**Exercise data:**
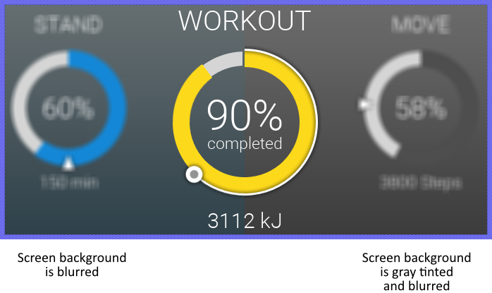 The Mosaic class Views::FilterScreen implements a graphical object specialized apply filter effects on the screen area lying behind the view. This so-called Filter Screen view can be used to compose the appearance of a GUI component, in particular to enrich the component by sophisticated filter effects, like blurring, masking or color tinting. The following screenshot demonstrates few examples of how Filter Screen views appear in the canvas area of Composer (and accordingly on the screen in your target device). The example uses the Filter Screen to blur and tint the screen background:
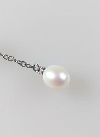 - Stalowa zawieszka na kolczyk, z łańcuszkiem i zawieszką z białej perły.
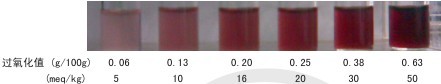 利用食用油氧化所生成的過(guò)氧化物與檢測(cè)試劑發(fā)生顯色反應(yīng),食用油過(guò)氧化值越高,顏色越深。

**What to produce:** Would you return the whole listing exactly, without the pictures?

**Exercise response:**
 The Mosaic class Views::FilterScreen implements a graphical object specialized apply filter effects on the screen area lying behind the view. This so-called Filter Screen view can be used to compose the appearance of a GUI component, in particular to enrich the component by sophisticated filter effects, like blurring, masking or color tinting. The following screenshot demonstrates few examples of how Filter Screen views appear in the canvas area of Composer (and accordingly on the screen in your target device). The example uses the Filter Screen to blur and tint the screen background:
 - Stalowa zawieszka na kolczyk, z łańcuszkiem i zawieszką z białej perły.
 利用食用油氧化所生成的過(guò)氧化物與檢測(cè)試劑發(fā)生顯色反應(yīng),食用油過(guò)氧化值越高,顏色越深。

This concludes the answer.